You are viewing a plain text version of this content. The canonical link for it is here.

Posted to user@spark.apache.org by Olivier Girardot <o....@lateral-thoughts.com> on 2017/06/15 13:04:26 UTC

Nested "struct" fonction call creates a compilation error in Spark SQL

Hi everyone,
when we create recursive calls to "struct" (up to 5 levels) for extending a
complex datastructure we end up with the following compilation error :

org.codehaus.janino.JaninoRuntimeException: Code of method
"(I[Lscala/collection/Iterator;)V" of class
"org.apache.spark.sql.catalyst.expressions.GeneratedClass$GeneratedIterator"
grows beyond 64 KB

The CreateStruct code itself is properly using the ctx.splitExpression
command but the "end result" of the df.select( struct(struct(struct(....)
))) ends up being too much.

Should I open a JIRA or is there a workaround ?

Regards,

-- 
*Olivier Girardot* | Associé
o.girardot@lateral-thoughts.com

Re: Nested "struct" fonction call creates a compilation error in Spark SQL

Posted by Michael Armbrust <mi...@databricks.com>.

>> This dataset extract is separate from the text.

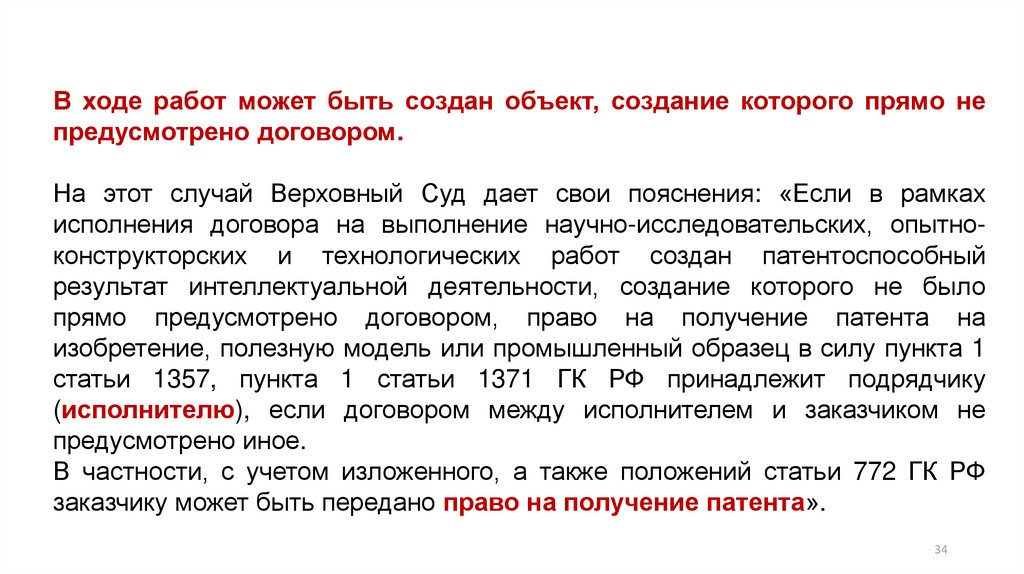 исполнения договора на выполнение научно-исследовательских, опытноконструкторских и технологических работ создан патентоспособный

You might also try with a newer version.  Several instance of code
generation failures have been fixed since 2.0.

On Thu, Jun 15, 2017 at 1:15 PM, Olivier Girardot <
o.girardot@lateral-thoughts.com> wrote:

> Hi Michael,
> Spark 2.0.2 - but I have a very interesting test case actually
> The optimiser seems to be at fault in a way, I've joined to this email the
> explain when I limit myself to 2 levels of struct mutation and when it goes
> to 5.
> As you can see the optimiser seems to be doing a lot more in the later
> case.
> After further investigation, the code is not "failing" per se - spark is
> trying the whole stage codegen, the compilation is failing due to the
> compilation error and I think it's falling back to the "non codegen" way.
>
> I'll try to create a simpler test case to reproduce this if I can, what do
> you think ?
>
> Regards,
>
> Olivier.
>
>
> 2017-06-15 21:08 GMT+02:00 Michael Armbrust <mi...@databricks.com>:
>
>> Which version of Spark?  If its recent I'd open a JIRA.
>>
>> On Thu, Jun 15, 2017 at 6:04 AM, Olivier Girardot <
>> o.girardot@lateral-thoughts.com> wrote:
>>
>>> Hi everyone,
>>> when we create recursive calls to "struct" (up to 5 levels) for
>>> extending a complex datastructure we end up with the following compilation
>>> error :
>>>
>>> org.codehaus.janino.JaninoRuntimeException: Code of method
>>> "(I[Lscala/collection/Iterator;)V" of class
>>> "org.apache.spark.sql.catalyst.expressions.GeneratedClass$GeneratedIterator"
>>> grows beyond 64 KB
>>>
>>> The CreateStruct code itself is properly using the ctx.splitExpression
>>> command but the "end result" of the df.select( struct(struct(struct(....)
>>> ))) ends up being too much.
>>>
>>> Should I open a JIRA or is there a workaround ?
>>>
>>> Regards,
>>>
>>> --
>>> *Olivier Girardot* | Associé
>>> o.girardot@lateral-thoughts.com
>>>
>>
>>
>
>
> --
> *Olivier Girardot* | Associé
> o.girardot@lateral-thoughts.com
> +33 6 24 09 17 94
>

Re: Nested "struct" fonction call creates a compilation error in Spark SQL

Posted by Michael Armbrust <mi...@databricks.com>.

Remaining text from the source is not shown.